## What the task asks
Write out an exact copy of the line containing "Protest mieszkańców w" and all lines that follow it in the data below, leaving out pictures.

## Data segment
*** Begin section ***

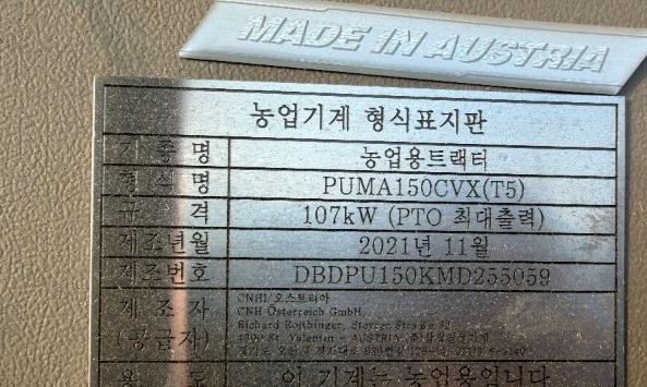 | 제조사 | 케이스 | 모델명 | CASE PUMA | 규격 | 150-159hp |
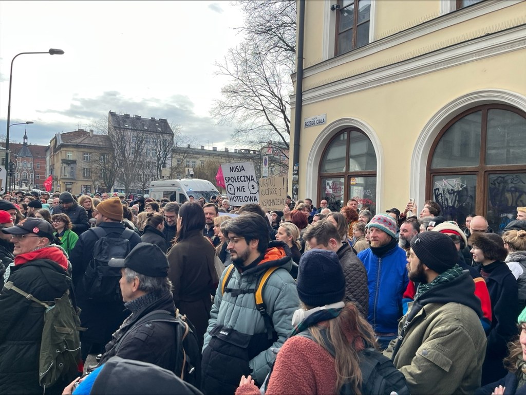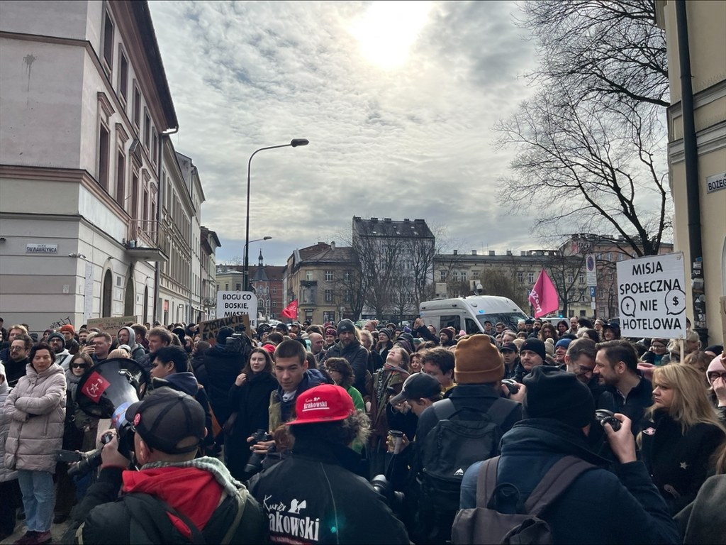 Protest mieszkańców w Krakowie. Setki osób zgromadziły się w niedzielę, by wyrazić swój sprzeciw wobec planowanych zmian urbanistycznym w sercu Kazimierza.
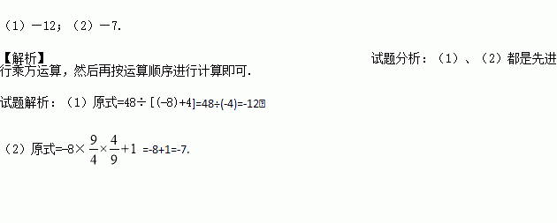 计算:(1)48÷[(-2)3-(-4)]; (2).
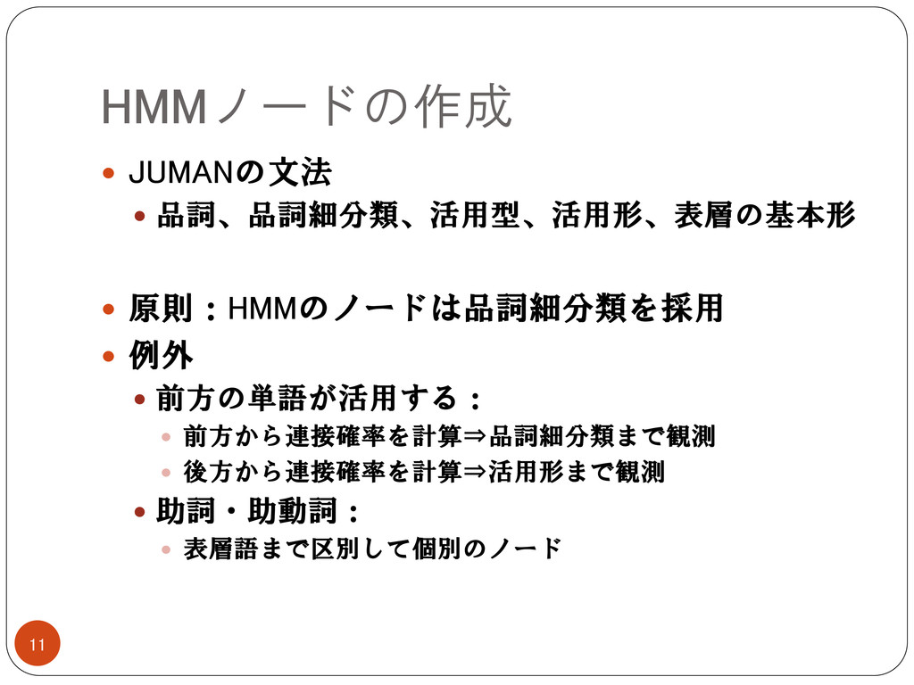 HMMノードの作成 11 JUMANの文法 品詞、品詞細分類、活用型、活用形、表層の基本形 原則:HMMのノードは品詞細分類を採用 例外

*** End section ***

## Result of this exercise
 Protest mieszkańców w Krakowie. Setki osób zgromadziły się w niedzielę, by wyrazić swój sprzeciw wobec planowanych zmian urbanistycznym w sercu Kazimierza.
 计算:(1)48÷[(-2)3-(-4)]; (2).
 HMMノードの作成 11 JUMANの文法 品詞、品詞細分類、活用型、活用形、表層の基本形 原則:HMMのノードは品詞細分類を採用 例外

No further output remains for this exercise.